Given material —
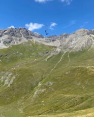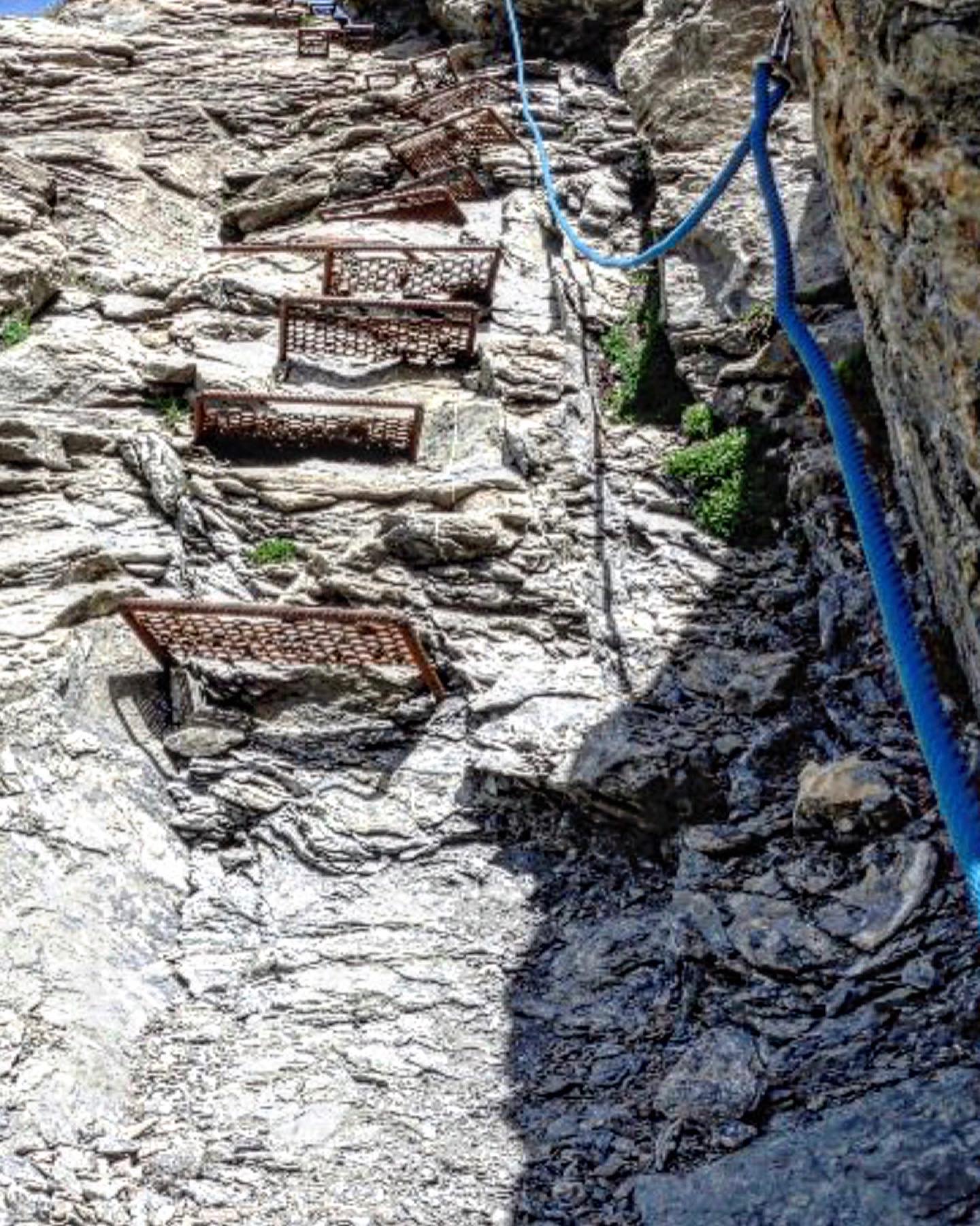 Con un lungo diagonale ascendente il tracciato attraversa due ruscelli ancora nella fascia erbosa, che via via lascia spazio ad un terreno più terroso e detritico. Nella parte superiore del sentiero si sale in maniera più diretta all’interno di una sorta di canalone che culmina con una strettoia dove incontriamo il tratto attrezzato con dei cavi e degli scalini, che facilitano la risalita di una placca rocciosa.
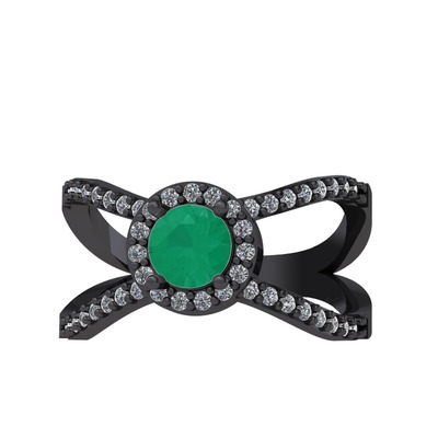 Kök zümrüt ve pırlanta 925 ayar siyah rodyum kaplama gümüş yüzük (0.4136 karat)
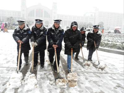 2011年1月2日早上湖北武汉喜降瑞雪。江汉区汉口火车坫综合管理办公室城管、公安等部门执法人员,顶风冒雪在汉口站前广场上扫雪、洒盐化雪、铺垫麻袋,方便南来北往旅客安全出行。

Task directions — Your reply must match the data above line for line, except that it holds no pictures.

The answer —
 Con un lungo diagonale ascendente il tracciato attraversa due ruscelli ancora nella fascia erbosa, che via via lascia spazio ad un terreno più terroso e detritico. Nella parte superiore del sentiero si sale in maniera più diretta all’interno di una sorta di canalone che culmina con una strettoia dove incontriamo il tratto attrezzato con dei cavi e degli scalini, che facilitano la risalita di una placca rocciosa.
 Kök zümrüt ve pırlanta 925 ayar siyah rodyum kaplama gümüş yüzük (0.4136 karat)
 2011年1月2日早上湖北武汉喜降瑞雪。江汉区汉口火车坫综合管理办公室城管、公安等部门执法人员,顶风冒雪在汉口站前广场上扫雪、洒盐化雪、铺垫麻袋,方便南来北往旅客安全出行。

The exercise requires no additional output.